Directions:
The output must be exactly the lines from the "1、打開中青看點APP,點擊右下角我的按鈕,進入個人的頁面。" line through the end of the listing below, with no picture included.

Available data:
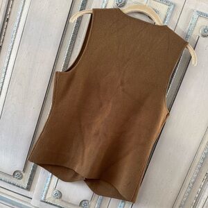 Chic tan knit vest with a sleek design. Ideal for layering. In wonderful condition!
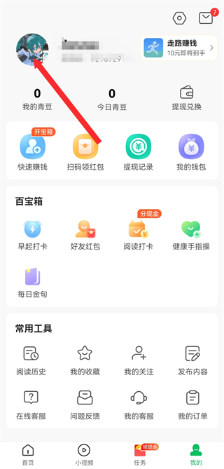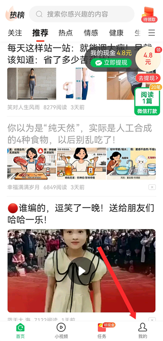 1、打開中青看點APP,點擊右下角我的按鈕,進入個人的頁面。
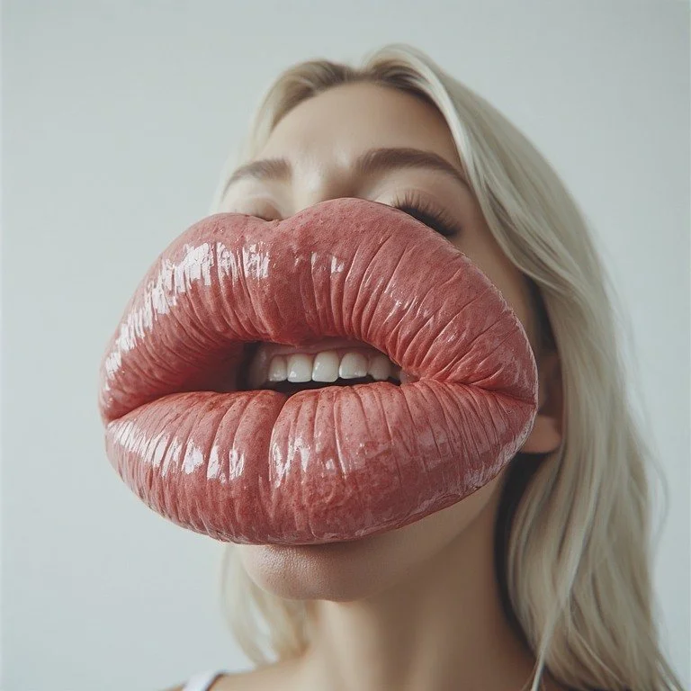 That latex look (lips stuffed like duck liver, forehead like a pet) now a norm of decency,

Task output:
 1、打開中青看點APP,點擊右下角我的按鈕,進入個人的頁面。
 That latex look (lips stuffed like duck liver, forehead like a pet) now a norm of decency,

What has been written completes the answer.